Тёмке помог чемодан в вагон затащить, в сторонку отошёл и ему рукой помахал. И он махал, долго махал, пока следующий пассажир внутрь забираться не стал. В железной туше вагона исчез, а я взглядом среди промёрзших окон забегал, искал всё, в каком морда его ушастая покажется. Прямо посерединке высунулся, кружочек ладошкой своей нарисовал в застывшем тугом инее и ещё разок мне помахал, заулыбался ярко-ярко и вдруг грузной миной застыл. Осознание будто вспыхнуло, что впервые с моей службы в армии мы с ним расстанемся. На несколько дней всего, ненадолго совсем, но всё равно хлебнём паскудного яда разлуки.
Три дня.
Быстро пройдут, не успею ничего осознать.
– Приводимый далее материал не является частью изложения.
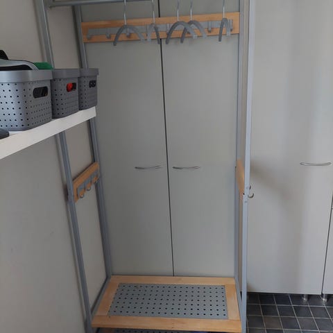 Uudenveroinen, vähällä käytöllä ollut naulakko. Musta metallirunko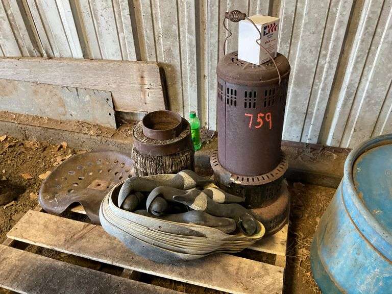 Wagon hub, steel seat, kerosene stove, decoys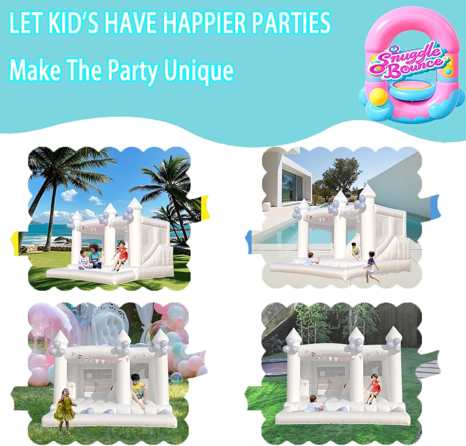 • 【 Structural Material 】Our product is made of thickened Oxford fabric that has undergone rigorous testing and certification. The double needle four thread sewing process makes the product more durable. The mesh walls on all sides are not easy to tear, making it safe for children to play in the bouncing house. Unlike the colorful traditional inflatable houses, our white inflatable house offers a more elegant and high-end appearance that is sure to catch the attention of anyone passing by. Whether used as decoration for festivals or party supplies, it is the most outstanding presence.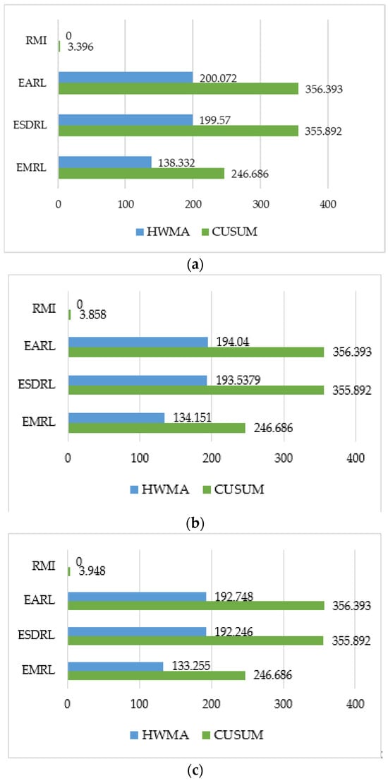 The RMI, EARL, ESDRL, and EMRL values on the control charts for MAX(3,1) when (a) = 0.1, (b) = 0.2, and (c) = 0.3.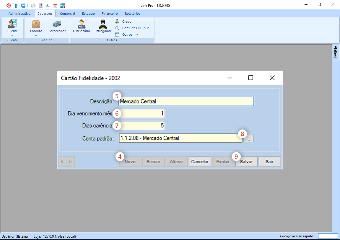 Para criar um cartão fidelidade, é necessário direcionar um plano de contas ao cartão, para isso, siga o passo a passo a seguir.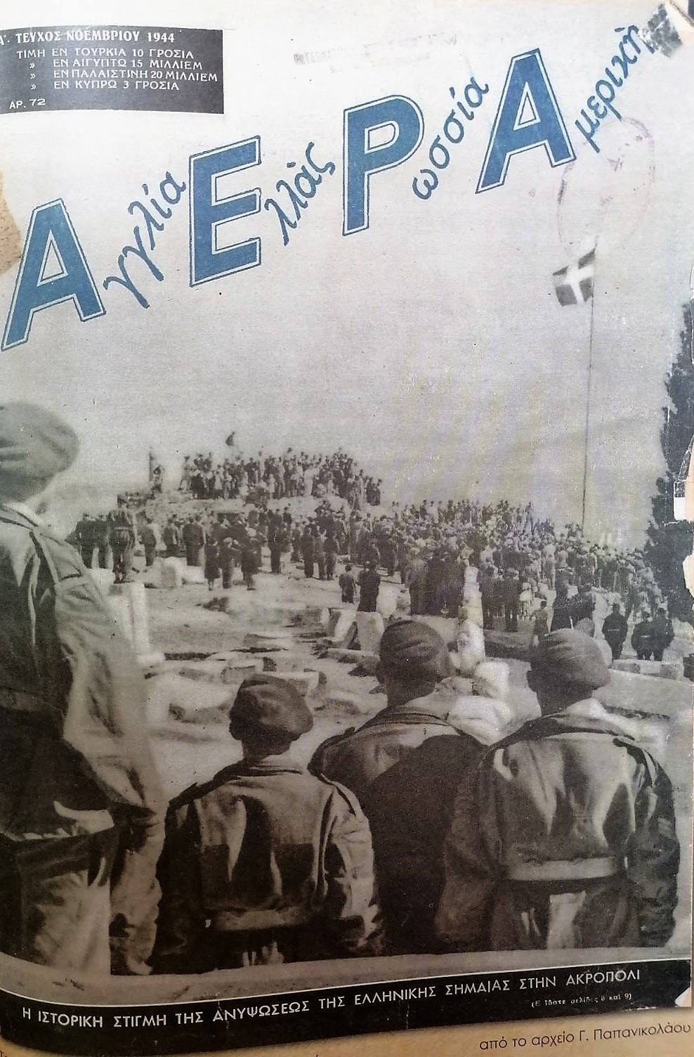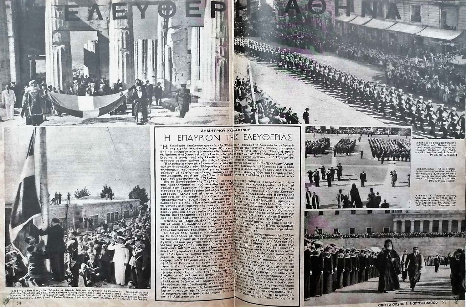 Ξεδιπλώθηκαν οι σημαίες, τα λάβαρα, τα αυτοσχέδια πανό με τα συνθήματα του αγώνα, της νίκης και της λευτεριάς. Ο μισητός αγκυλωτός σταυρός κατέβηκε από τον ιερό βράχο, διπλώθηκε με βία για να καταχωνιαστεί στις μαύρες σελίδες της ιστορίας, στο σκοτεινό χρονοντούλαπο της βίας, του μίσους και του αίματος και στη θέση της μπήκε ξανά η γαλανόλευκη, το ιερό σύμβολο του έθνους και της πατρίδας.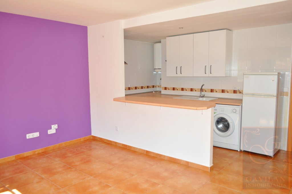 La vivienda se distribuye en salón de 16m² con cocina americana amueblada y equipada con electrodomésticos básicos, un dormitorio doble con armario empotrado y un baño con plato de ducha y mampara.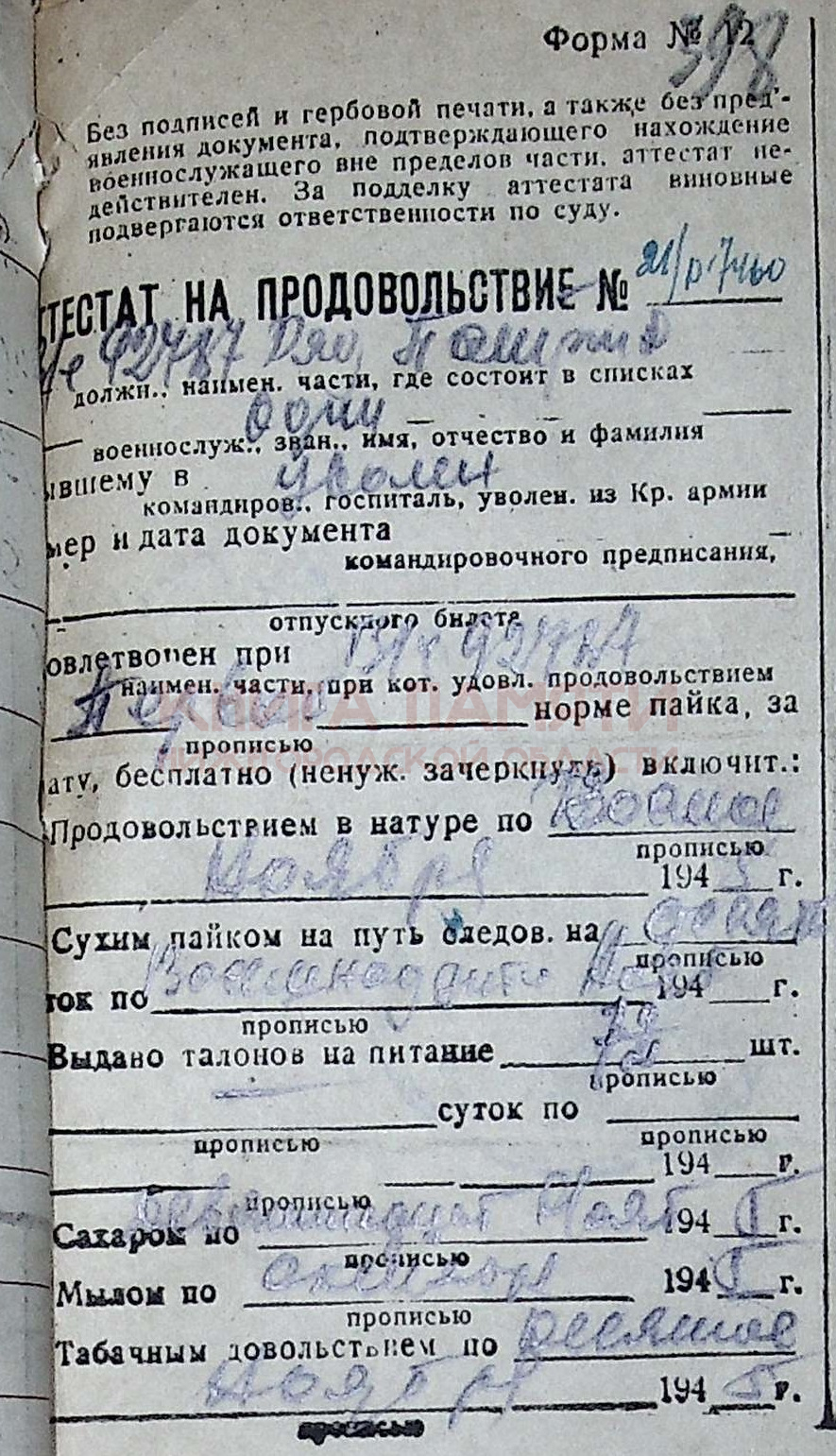 Демобидизован в 1945 г.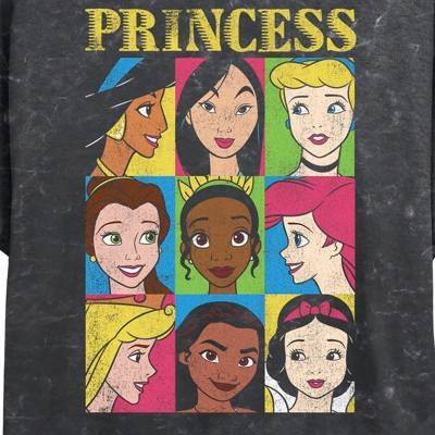 • Strut your stuff with this stylish new every day juniors' crop t-shirt that is perfect for every occasion! Featuring Jasmine, Mulan, Cinderella, Belle, Tiana, Ariel, Aurora, Moana, and Snow White are all portrayed in a box with the word "Princess" at the top.

Стоять буду здесь на холодной вокзальной земле, его поезда ждать, как будто и не было этих трёх дней, как будто на миг в магазин отходил. В масштабах жизни так вообще секундой эти дни пронесутся, старой спичкой отгорят в одночасье, и даже замёрзнуть не успеется.
Согреться тем более.
Нечем будет греться эти три дня, пока эта спичка дурная догорает и в чёрную вонючую золу превращается. Воспоминаниями только, фотоплёнкой из бездны памяти и чувствами, застывшими на краешках печальной души.
Пока не приедет. Пока присутствием своим опять не обрадует.
Дыханием тёплым и взглядом наивным.
Глава 9. "Моего спасения вкус"
IX
Моего спасения вкус
Всего наизнанку тоской выворачивает. Сосновой ёлкой колючей скребёт по сердцу.
Дома у его мамы ещё хуже.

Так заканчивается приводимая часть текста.